What is required: Starting with the line that holds "Mesita de noche madera maciza con cristal" and stopping after the line that holds "- Textures resolution: ~10m/px", repeat the lines below word for word, without the pictures.

Data records:

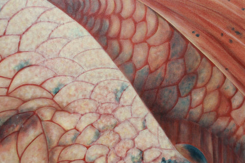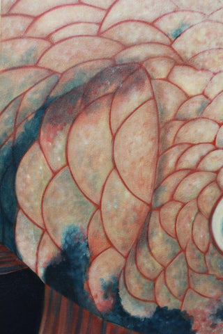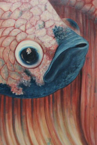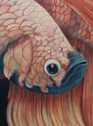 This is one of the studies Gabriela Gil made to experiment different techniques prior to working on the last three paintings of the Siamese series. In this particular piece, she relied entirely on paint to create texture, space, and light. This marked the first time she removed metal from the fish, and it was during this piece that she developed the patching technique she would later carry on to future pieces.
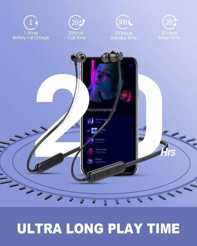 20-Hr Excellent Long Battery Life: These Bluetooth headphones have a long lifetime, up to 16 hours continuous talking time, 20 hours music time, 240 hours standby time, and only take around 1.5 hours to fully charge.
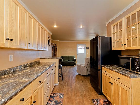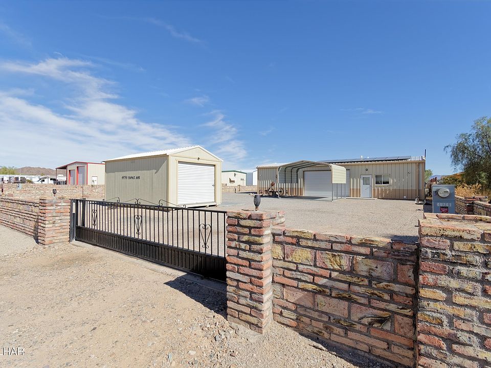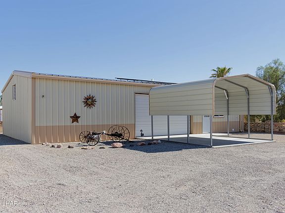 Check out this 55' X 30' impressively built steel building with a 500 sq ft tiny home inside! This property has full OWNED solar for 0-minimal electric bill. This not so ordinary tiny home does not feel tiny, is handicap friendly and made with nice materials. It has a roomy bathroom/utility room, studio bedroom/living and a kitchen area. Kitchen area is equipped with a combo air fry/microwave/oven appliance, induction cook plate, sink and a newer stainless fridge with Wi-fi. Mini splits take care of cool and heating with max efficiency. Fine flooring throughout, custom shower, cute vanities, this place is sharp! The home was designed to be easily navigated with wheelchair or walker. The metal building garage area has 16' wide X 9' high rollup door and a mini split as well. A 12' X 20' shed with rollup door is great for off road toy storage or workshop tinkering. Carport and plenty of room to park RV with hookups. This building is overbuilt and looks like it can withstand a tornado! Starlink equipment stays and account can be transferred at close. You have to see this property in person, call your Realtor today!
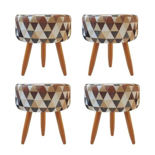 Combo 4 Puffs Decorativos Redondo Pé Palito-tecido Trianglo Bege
--
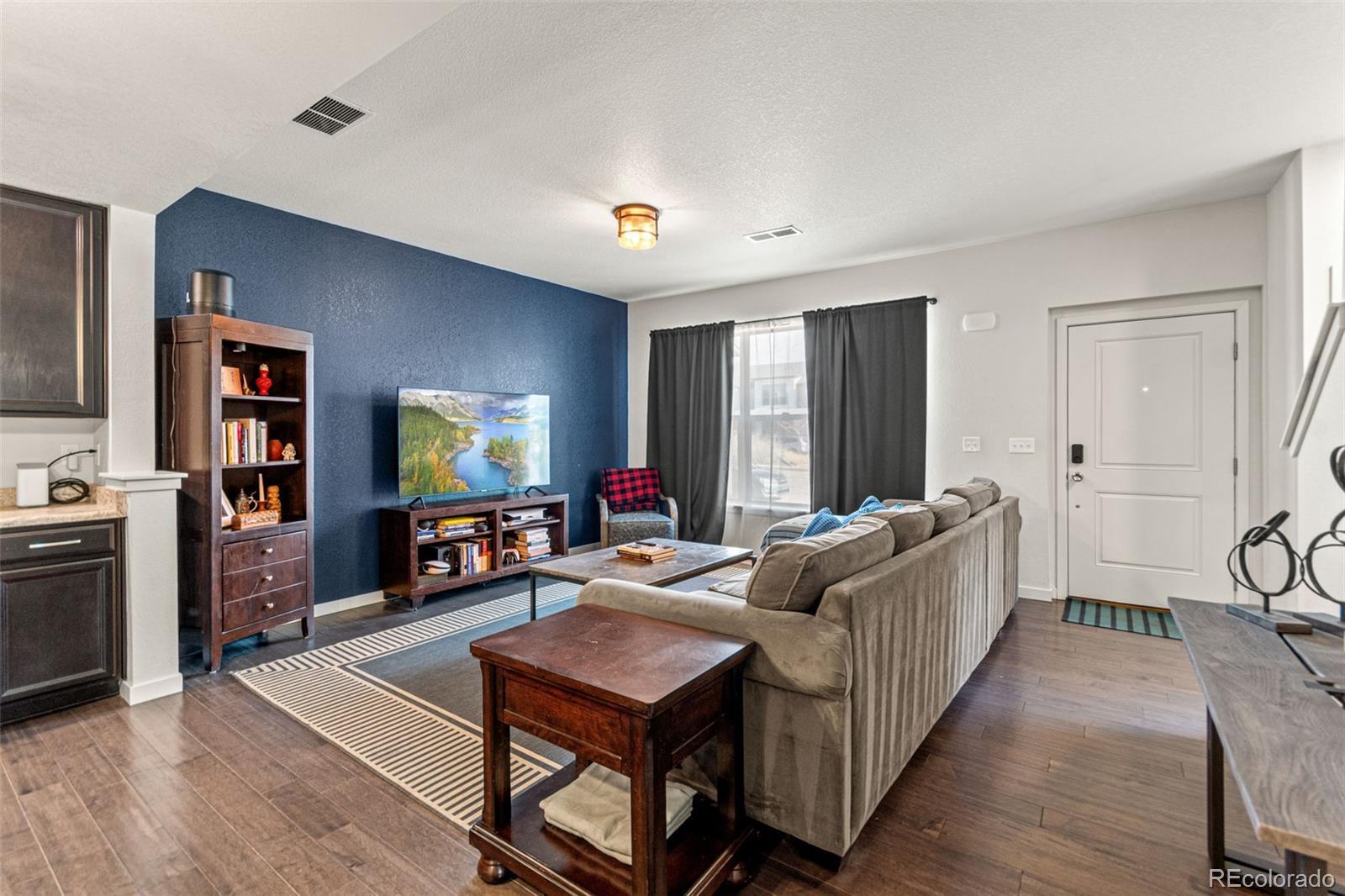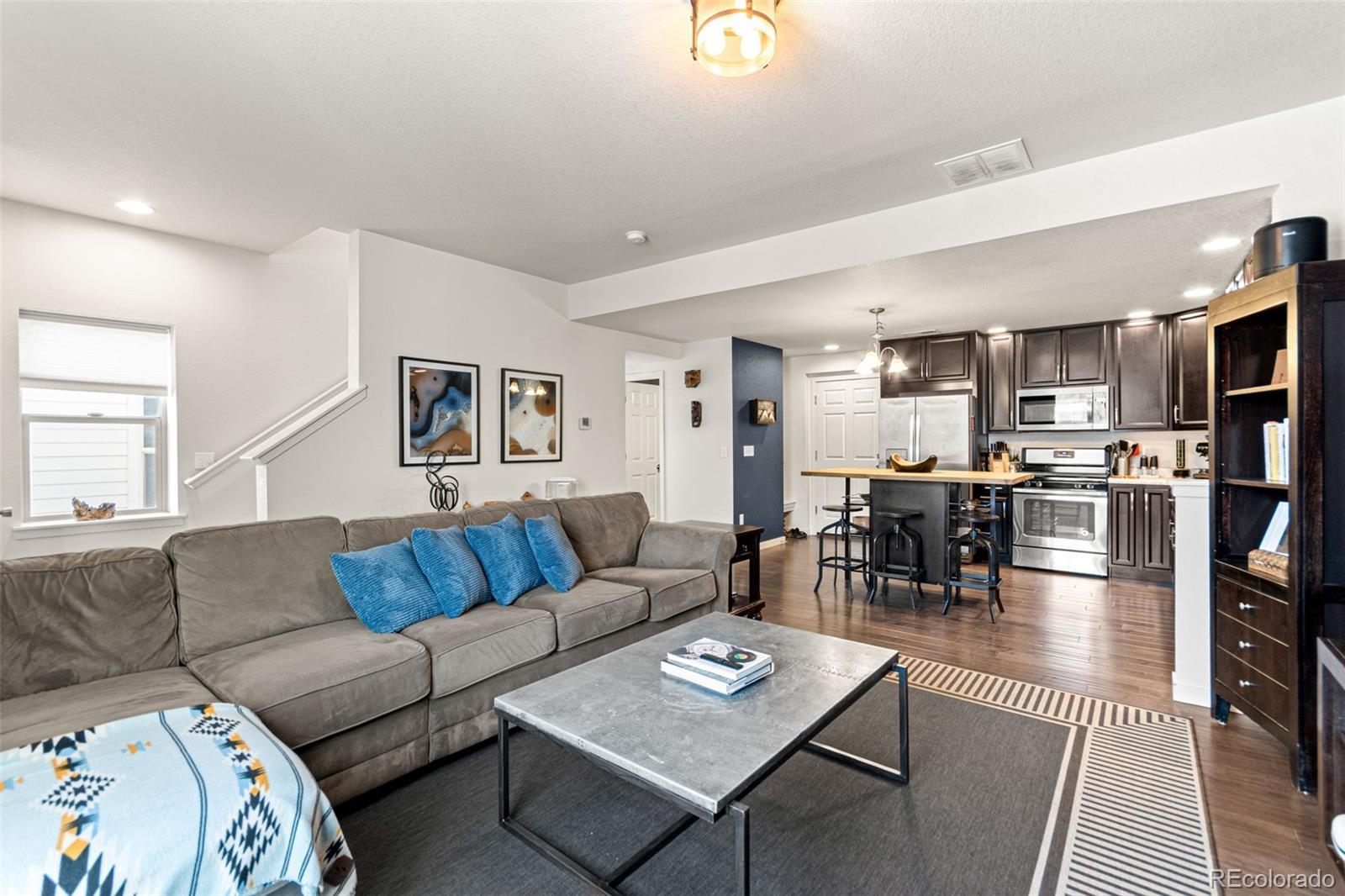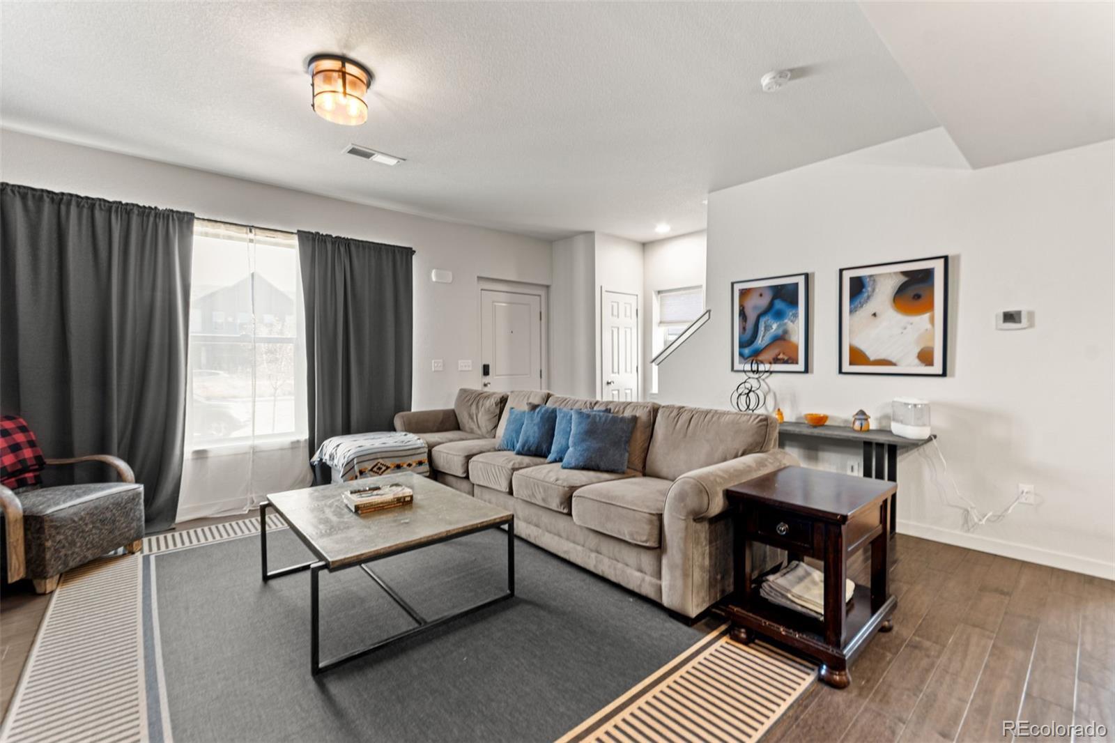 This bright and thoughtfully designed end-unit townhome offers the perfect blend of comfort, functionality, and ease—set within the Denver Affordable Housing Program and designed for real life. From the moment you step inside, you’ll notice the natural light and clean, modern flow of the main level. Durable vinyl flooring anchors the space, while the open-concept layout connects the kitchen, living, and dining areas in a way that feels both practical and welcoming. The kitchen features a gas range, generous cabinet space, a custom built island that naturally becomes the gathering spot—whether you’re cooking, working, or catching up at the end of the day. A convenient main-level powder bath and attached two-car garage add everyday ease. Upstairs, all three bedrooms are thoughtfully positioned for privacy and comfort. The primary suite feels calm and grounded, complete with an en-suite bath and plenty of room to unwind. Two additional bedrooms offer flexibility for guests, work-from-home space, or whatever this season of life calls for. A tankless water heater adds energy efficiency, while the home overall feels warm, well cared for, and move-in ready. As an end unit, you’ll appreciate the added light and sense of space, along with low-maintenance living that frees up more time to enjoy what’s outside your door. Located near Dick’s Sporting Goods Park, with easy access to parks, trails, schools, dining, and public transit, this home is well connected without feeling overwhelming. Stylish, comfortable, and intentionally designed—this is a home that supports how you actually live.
--
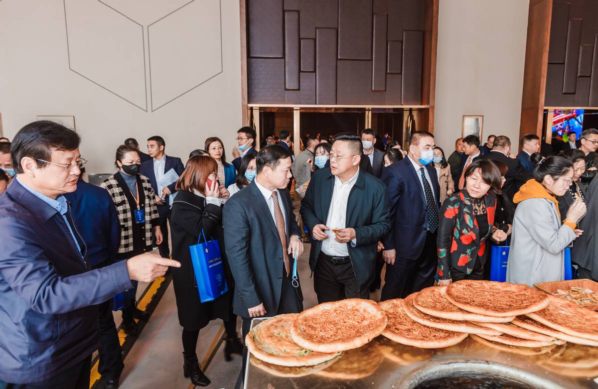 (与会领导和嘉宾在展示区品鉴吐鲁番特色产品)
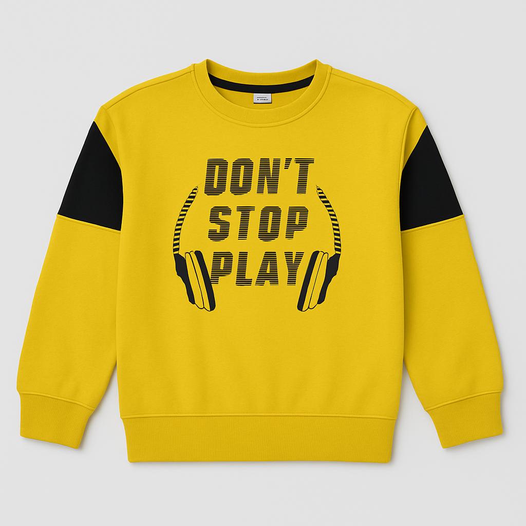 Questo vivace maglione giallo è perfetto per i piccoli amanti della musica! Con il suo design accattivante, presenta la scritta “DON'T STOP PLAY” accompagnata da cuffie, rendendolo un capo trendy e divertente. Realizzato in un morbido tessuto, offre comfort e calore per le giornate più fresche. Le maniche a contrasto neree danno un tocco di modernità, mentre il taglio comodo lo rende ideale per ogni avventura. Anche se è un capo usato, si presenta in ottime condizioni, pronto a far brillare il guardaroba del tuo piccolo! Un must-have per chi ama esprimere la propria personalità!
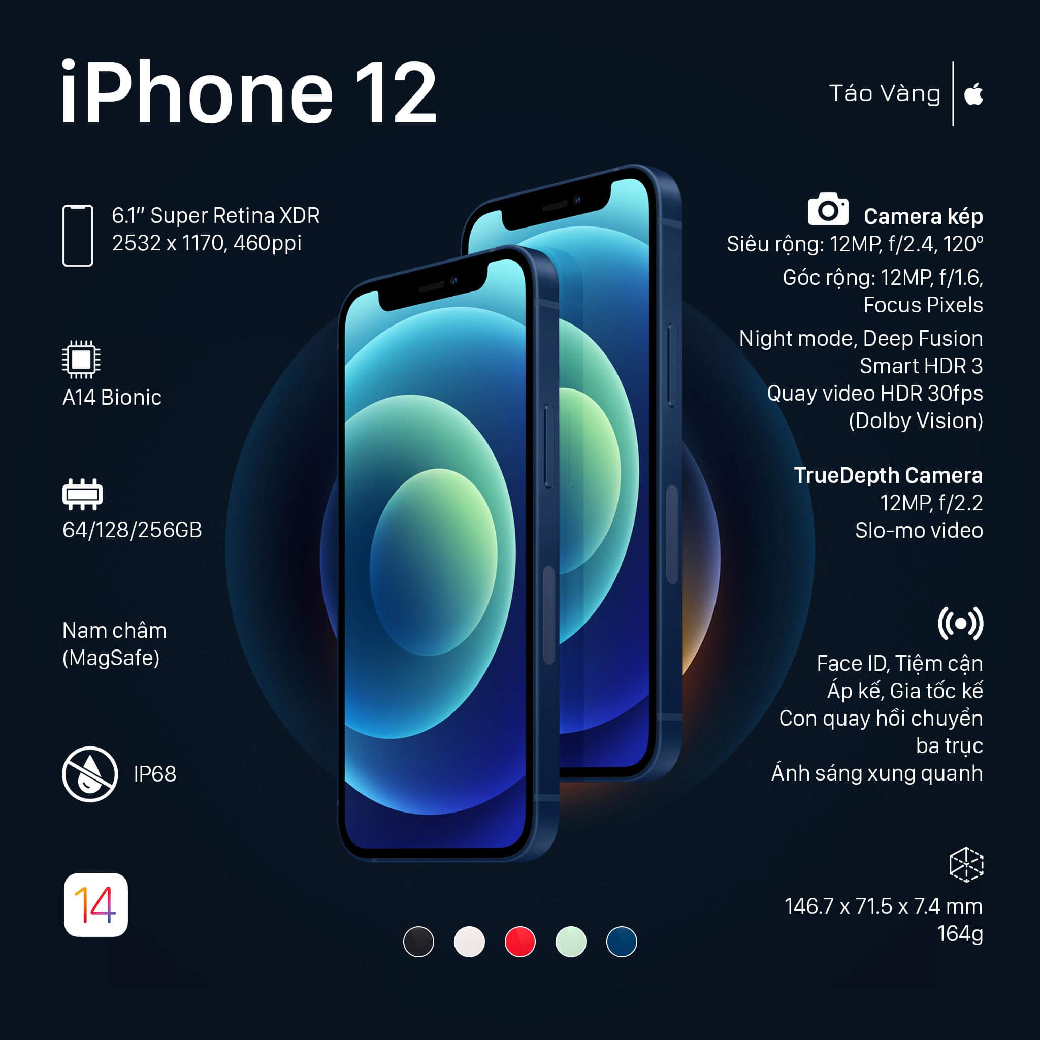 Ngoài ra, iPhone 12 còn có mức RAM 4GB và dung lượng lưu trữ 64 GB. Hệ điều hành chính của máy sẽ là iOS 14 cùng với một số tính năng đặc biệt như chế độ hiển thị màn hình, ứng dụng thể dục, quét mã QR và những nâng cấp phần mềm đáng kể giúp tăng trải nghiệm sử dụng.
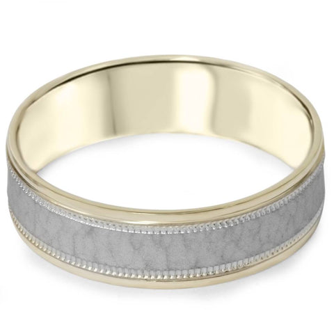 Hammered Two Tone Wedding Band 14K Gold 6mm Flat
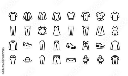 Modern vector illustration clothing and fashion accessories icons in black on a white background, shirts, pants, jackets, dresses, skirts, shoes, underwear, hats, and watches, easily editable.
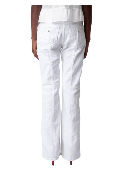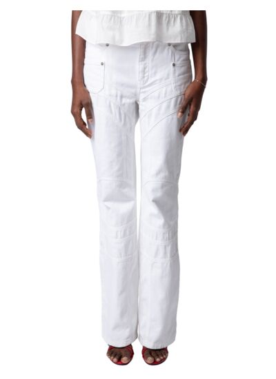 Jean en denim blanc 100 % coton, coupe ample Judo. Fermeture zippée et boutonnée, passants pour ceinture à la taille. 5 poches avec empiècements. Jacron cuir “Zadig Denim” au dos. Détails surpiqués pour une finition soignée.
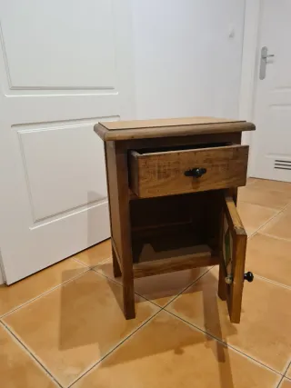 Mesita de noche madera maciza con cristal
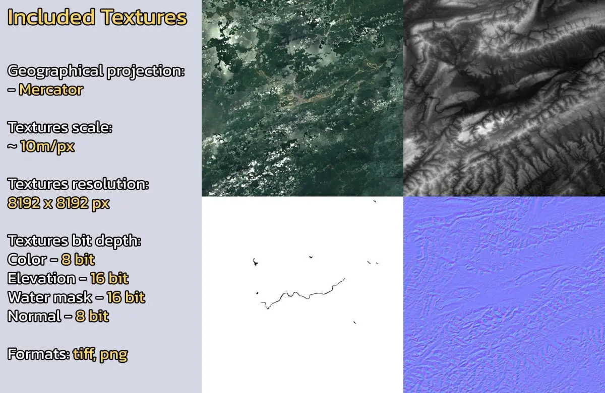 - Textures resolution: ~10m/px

Task output:
 Mesita de noche madera maciza con cristal
 - Textures resolution: ~10m/px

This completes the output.